Un enfant de moins de cinq ans sur deux souffre de malnutrition chronique dans la province du Maniema, selon les données de l’enquête nutritionnelle de 2024, qui établit un taux de prévalence de 52,4 %, soit le double de la moyenne nationale. Face à cette situation, le Programme d’appui au développement rural inclusif et résilient (PADRIR) a lancé, lundi 20 juillet à Kindu, un atelier de formation de formateurs de cinq jours à l’intention des nutritionnistes locaux.
Cette session vise à renforcer les compétences des acteurs de santé sur l’alimentation du nourrisson et du jeune enfant, ainsi que sur la nutrition communautaire, afin de mieux intervenir durant la période des mille premiers jours de vie, déterminante pour le développement physique et cognitif de l’enfant.
David Nzengu, conseiller en genre, ciblage et inclusion sociale au PADRIR, a expliqué la démarche à l’origine de cette formation :
« Cette formation des formateurs a été organisée pour répondre à un défi important. Après l’enquête nutritionnelle réalisée en 2024, nous avons constaté que le taux de malnutrition chronique est très élevé dans notre zone d’intervention. Avant de lancer les activités de nutrition, nous avons jugé nécessaire de renforcer d’abord les capacités des acteurs concernés », a-t-il indiqué.
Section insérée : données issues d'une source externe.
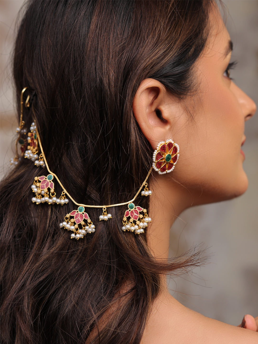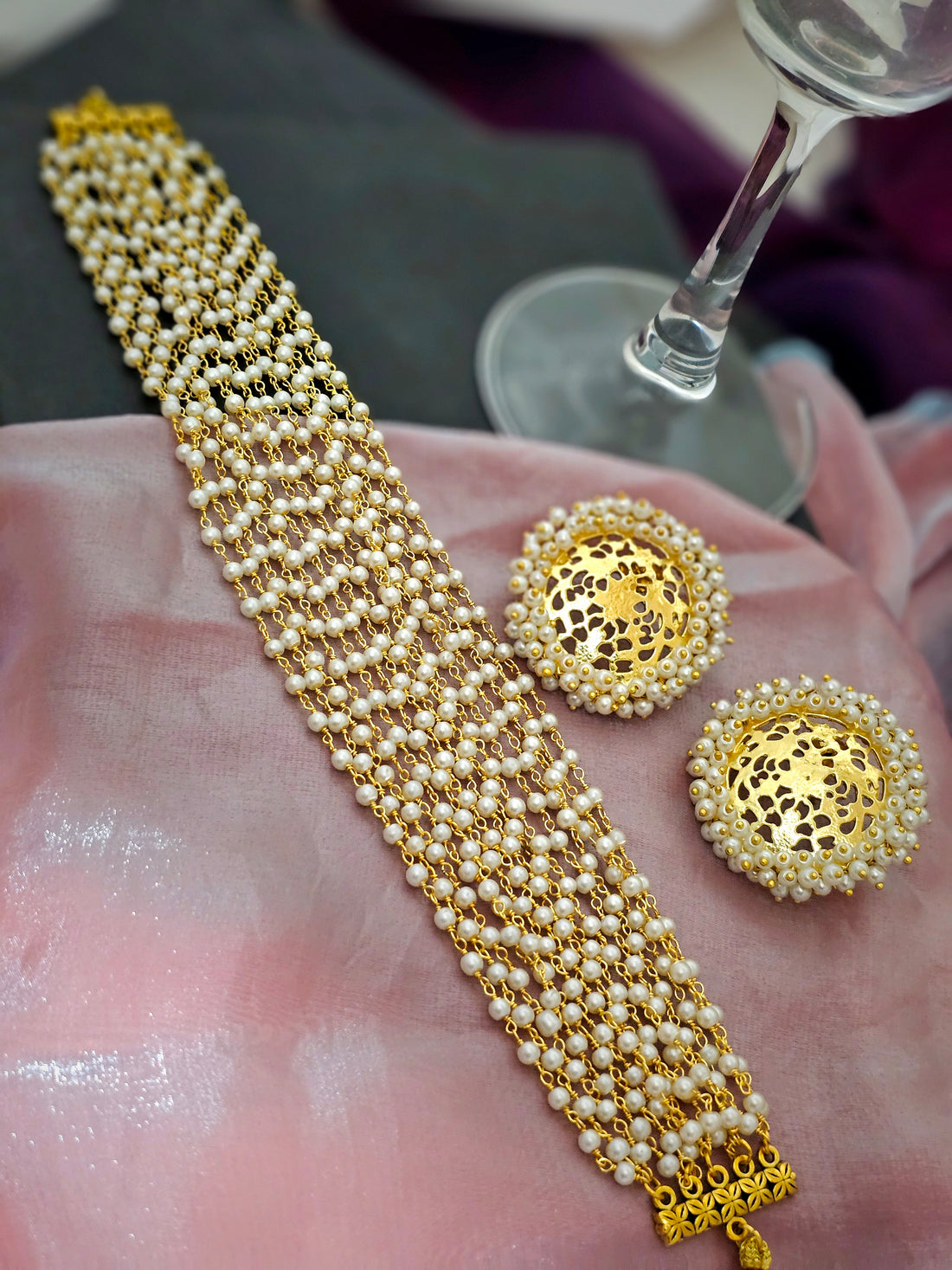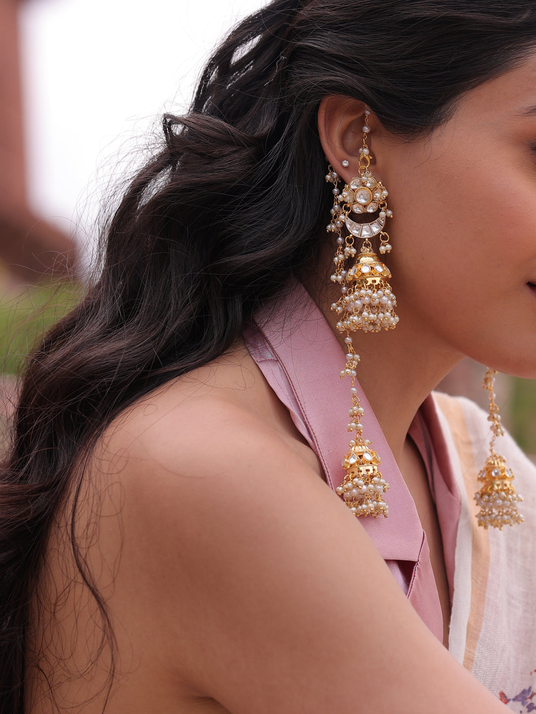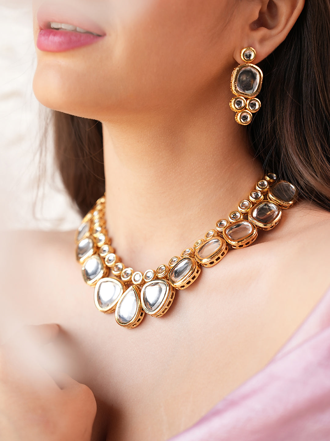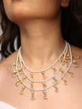 An ode to timeless artistry, this layered necklace showcases the intricate beauty of Pachi Kundan work. Each layer glistens with handcrafted kundan elements, exuding a regal charm that complements both festive and traditional ensembles. A statement piece for the elegant soul.

Les participants, des nutritionnistes venus de différentes zones de santé de la province, sont formés aux bonnes pratiques alimentaires, à l’allaitement maternel exclusif jusqu’à six mois, à la diversification alimentaire ainsi qu’à la prévention des carences. Ils apprennent également à détecter précocement les signes de malnutrition et à orienter les familles vers des solutions locales et abordables, à partir des aliments disponibles sur place.
Le gouvernement provincial du Maniema a salué cette initiative, intervenue après plusieurs années sans formation de ce type dans la province. Le ministre provincial de la Santé, le Dr Alexis Kingombe Tchomba, a réagi en ces termes :
« Cela fait plusieurs années que ce type de formation n’a plus été organisé dans notre province. En tant que ministre provincial de la Santé, nous saluons cette initiative. Nous espérons qu’elle contribuera à réduire le taux de malnutrition et à améliorer la santé des enfants », a-t-il déclaré.
À l’issue des cinq jours de formation, les nutritionnistes formés deviendront à leur tour formateurs auprès des prestataires de soins des différentes zones de santé du Maniema, selon une stratégie en cascade destinée à créer un maillage de compétences au plus près des communautés. Chaque agent formé pourra ainsi sensibiliser les mères, assurer le suivi de la croissance des enfants et orienter les cas sévères vers les structures de prise en charge appropriées.
L’initiative du PADRIR s’inscrit dans une approche globale de développement rural inclusif et résilient, visant à autonomiser les communautés du Maniema dans la prise en charge de leur propre santé nutritionnelle, avec des effets attendus à long terme sur la santé, l’éducation et la productivité des générations futures dans la province.